En Coupe du monde, les arbitres sont choisis pour leur expérience, mais certains matches échappent à la seule logique sportive. Entre l’Angleterre et l’Argentine, la FIFA maintient depuis plus de quarante ans une règle de prudence : un arbitre anglais ne dirige pas l’Albiceleste, et un arbitre argentin n’est pas désigné pour les Three Lions.
Cette précaution remonte à la guerre des Malouines de 1982, quand l’Argentine et le Royaume-Uni se sont affrontés pour la souveraineté de l’archipel de l’Atlantique Sud. Le conflit, qui a duré 74 jours, a causé 649 morts côté argentin et 255 côté anglais. Comme le rappelle RFI Sports au fil de son récit, le dossier a aussi laissé une trace profonde dans le football, notamment après le quart de finale du Mondial 1986 où Diego Maradona avait éliminé l’Angleterre avec deux buts, dont la célèbre « Main de Dieu ».

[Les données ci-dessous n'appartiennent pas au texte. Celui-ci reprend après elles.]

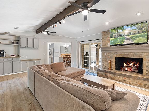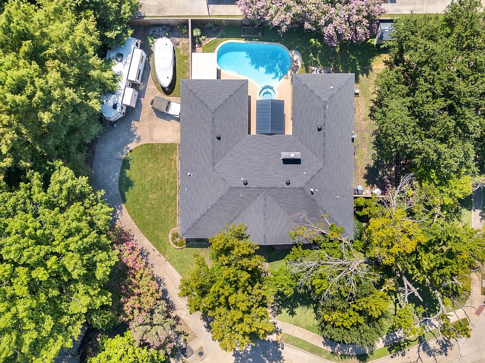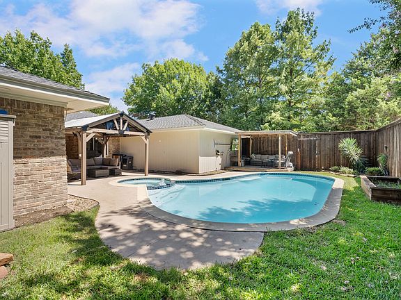 Nestled in the heart of Plano, TX, this stunning 4-bedroom, 3-bath residence offers a harmonious blend of modern elegance and comfortable living. Situated on an oversized corner, cul-de-sac lot spanning 0.39 acres, the home boasts a spectacular creek view, creating a serene oasis for you and your loved ones. As you step inside, luxury vinyl plank flooring seamlessly flows throughout the expansive layout, leading you through two spacious living areas perfect for entertaining. The home features beautifully updated windows that bring in abundant natural light, accentuating the fine finishes and modern updates. The well-appointed kitchen is a chef's dream, equipped with stainless steel appliances and anchored by a custom coffee bar in the adjacent living room, complete with a water line, ideal for morning brews. The primary suite is a private retreat, offering a spa-like bath complete with premium upgrades. An additional mother-in-law suite provides flexibility for guests or multigenerational living. The dedicated office space caters to today's work-from-home needs, ensuring productivity in a comfortable environment. Outside, the property continues to impress with an oversized 2.5 car garage, RV and boat parking, and RV-EV charging capabilities. Adventure seekers will appreciate the tornado shelter-safe room for peace of mind. Relaxation awaits with a re-plastered and re-tiled in-ground gunite pool and spa, complemented by updated pool equipment. Enjoy outdoor gatherings under the charming pergola and gazebo, or simply unwind amidst the refreshed landscaping and freshly painted exterior trim and siding. Major updates include replumbed water lines with a manifold system and more. Discover a home that meets every need while providing a tranquil escape from the hustle and bustle, perfectly embodying the best of Plano living.

À l’issue de cette rencontre, Maradona avait évoqué une « vengeance », alors qu’il assurait avant le match que le football n’avait rien à voir avec la guerre. Le différend, lui, n’a pas disparu. Buenos Aires continue de revendiquer les Malouines, qui restent un symbole national en Argentine, tandis que l’archipel conserve une valeur stratégique pour la présence militaire britannique dans l’Atlantique Sud.
Dans ce contexte, il reste improbable de voir l’Argentin Facundo Tello arbitrer l’Angleterre, tout comme les Anglais Michael Oliver et Anthony Taylor ne sont pas retenus pour les matches de l’Albiceleste. Anthony Taylor avait d’ailleurs été envisagé pour la finale du Mondial 2022 entre la France et l’Argentine, sans pouvoir être désigné.